For several years, climate change and its anticipated impact had formed a compelling agenda in major issues of discourse around the world. The destructive effects of natural disasters appear to have jolted a complacent world to reality. Hurricanes, earthquakes and flooding are threatening lives and endangering humanity.

Richard Branson, Founder of the Virgin Group

Richard Branson, Founder of the Virgin Group

The impacts of climate change are becoming increasingly visible, and rapid urbanization is concentrating risk in vulnerable regions of the world. Without major investments in resilience, climate change may push up to 100 million people into poverty by 2030, according to the “Shock Waves” report.

The “Investing in Urban Resilience” report estimates that global infrastructure needs at more than $5 trillion per year. To better explore how to bring resilient infrastructure to scale, the Global Facility for Disaster Reduction and Recovery (GFDRR), the World Bank, the Government of Japan, the European Union, and USAID hosted a Resilience Dialogue at the ongoing World Bank/IMF Annual Meetings.
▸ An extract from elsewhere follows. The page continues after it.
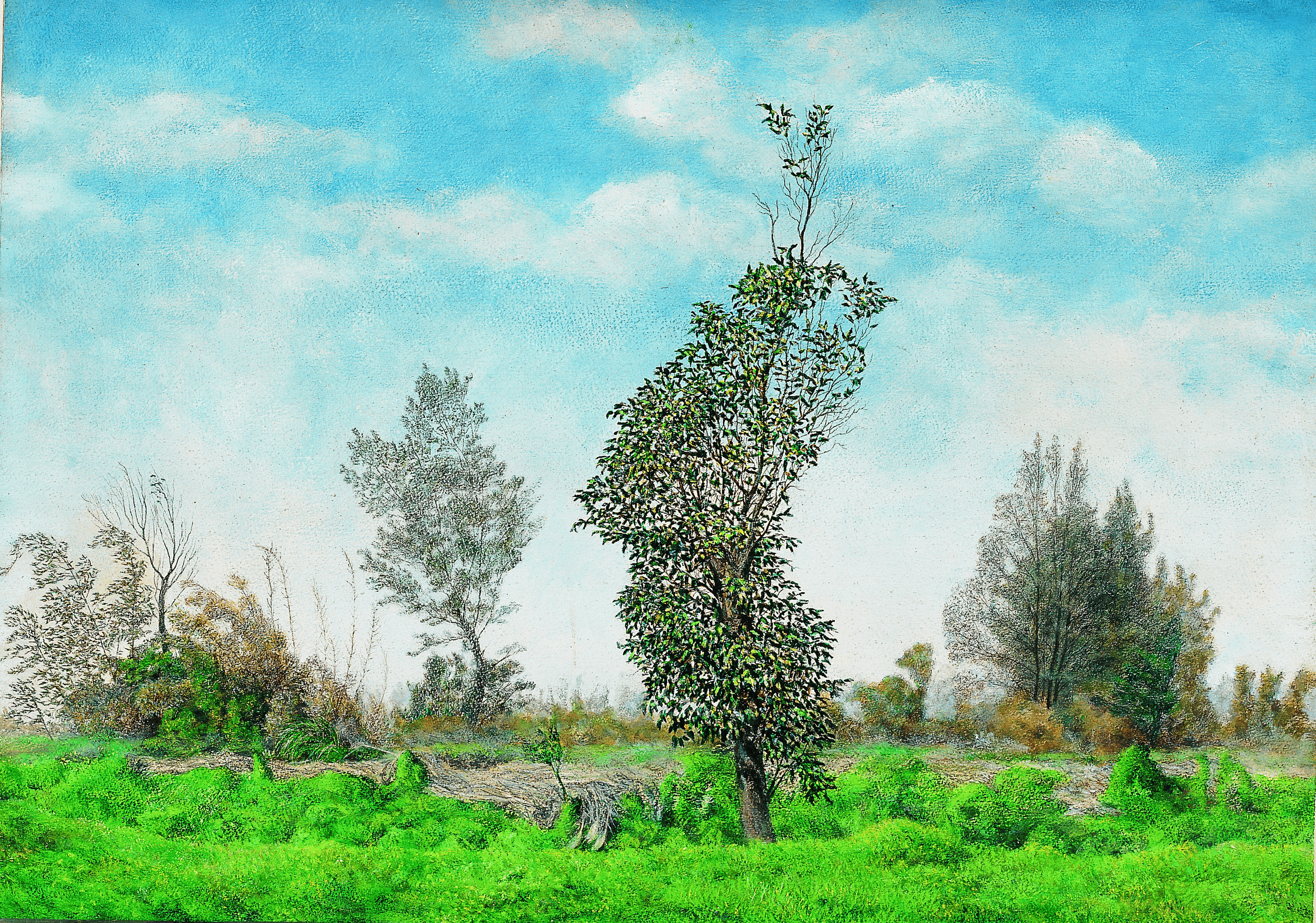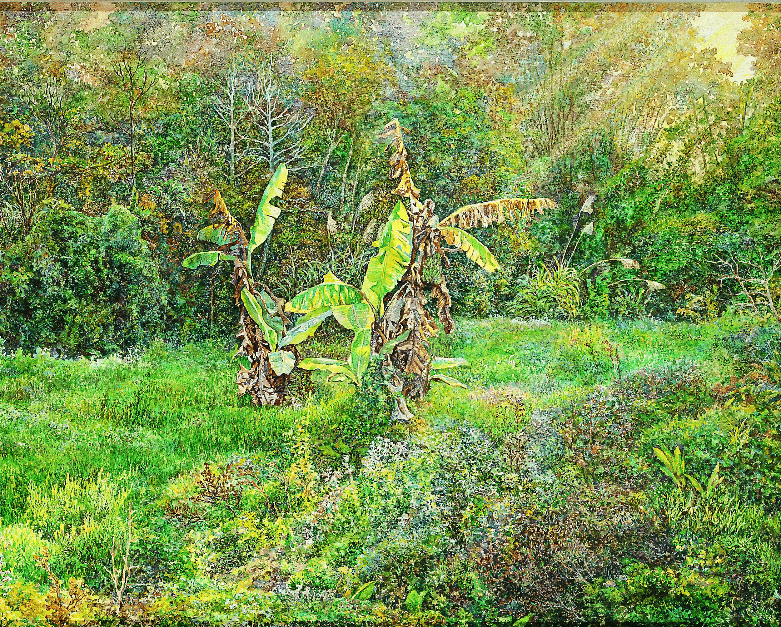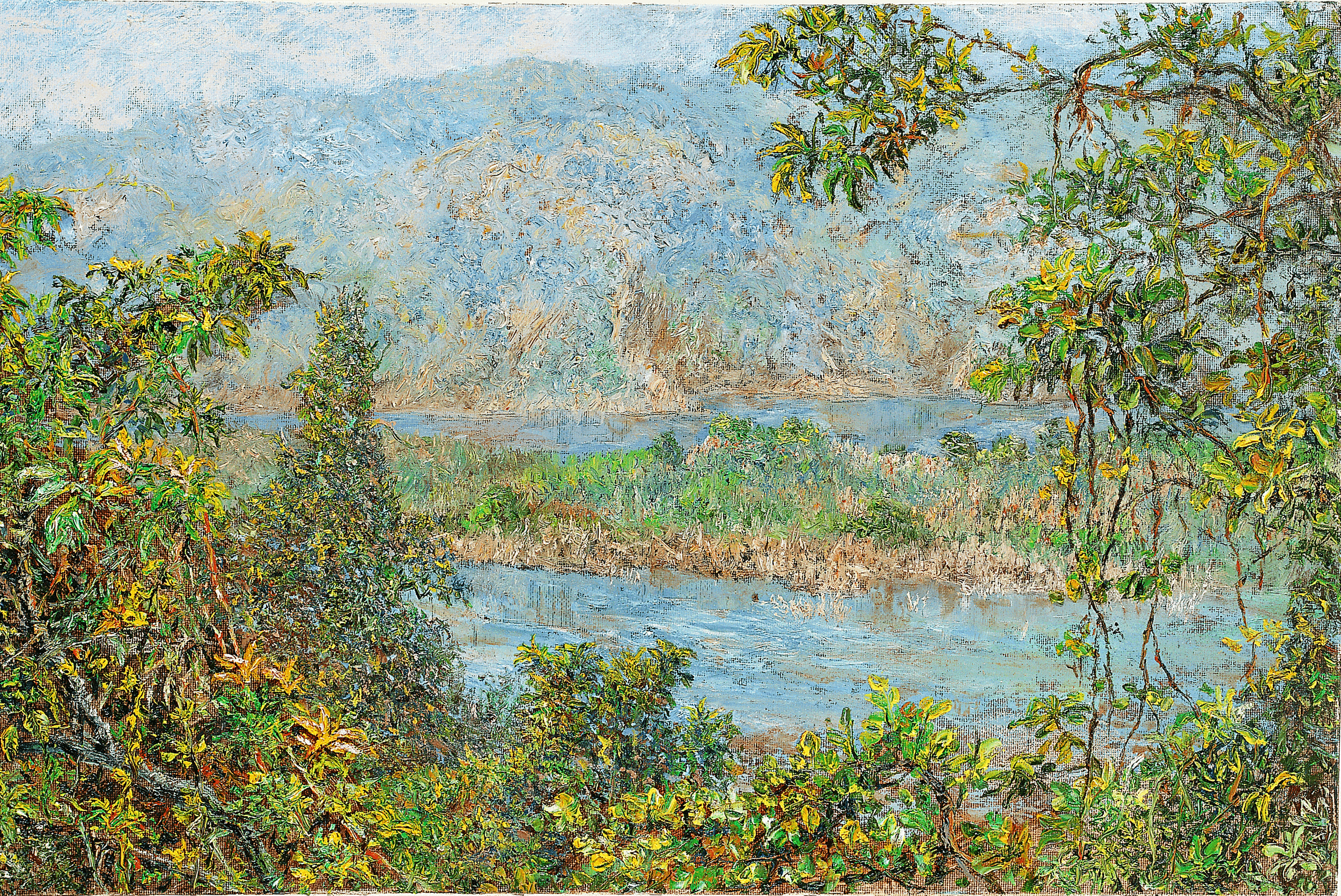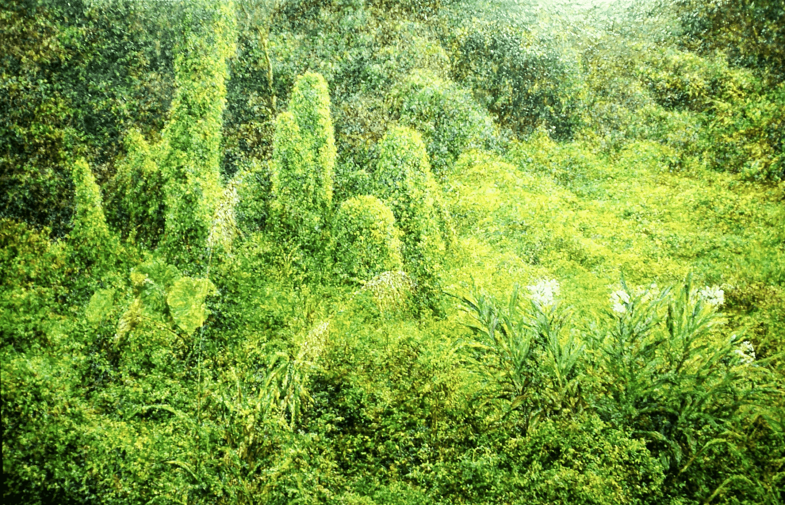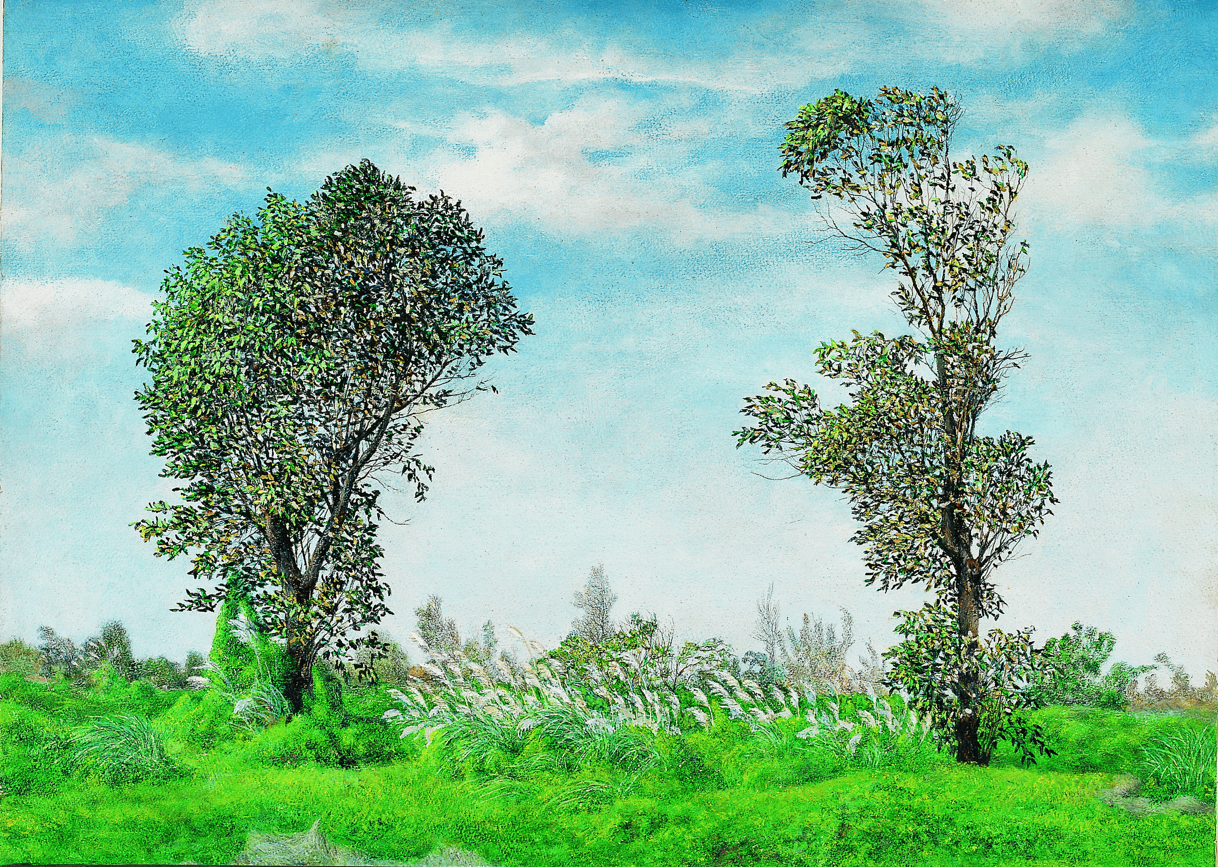 這張畫算是個人作畫歷程中的首次革命,學生時代學了一大堆技法與觀念,無論是印象派的點描,或是水墨的皴法,碰到眼前的草木都無用武之地。自己就像練了一身屠龍絕技,卻找不到半條龍可以宰,於是我只好一點一線地如實描繪。「我究竟看到的是甚麼?」; 「看」本身早已包含了經驗、動機、企圖和算計在裡面。要「如實地看」真是一件不容易的事,我得拋開習得的成見與觀感不可,只好用望遠鏡仔細地數樹葉和樹枝的數目,再忠實地還原數量、造型,盡量壓低主觀的感受。這樣也能畫!?今天看來還真好笑,不過這段日子留下了幾件至今看來還很得意的作品,我想是動機純正所致!

Richard Branson, Founder of the Virgin Group, who was the keynote speaker expressed concerns over the devastating effects of natural disasters and urged the global community to act promptly through the provision of resilient infrastructure.

Koichi Hasegwa, Senior Vice President, Japan International Cooperation Agency (JICA) said Japan was able to overcome the challenges of climate change through quality infrastructure built to resist disasters.
Another panellist, Aris Papadopoulos, former CEO of Titan America and author of Resilience: The Ultimate Sustainability noted that the green movement has fallen short in addressing sustainable building development and called on governments to always aim at building a more disaster-resilient future.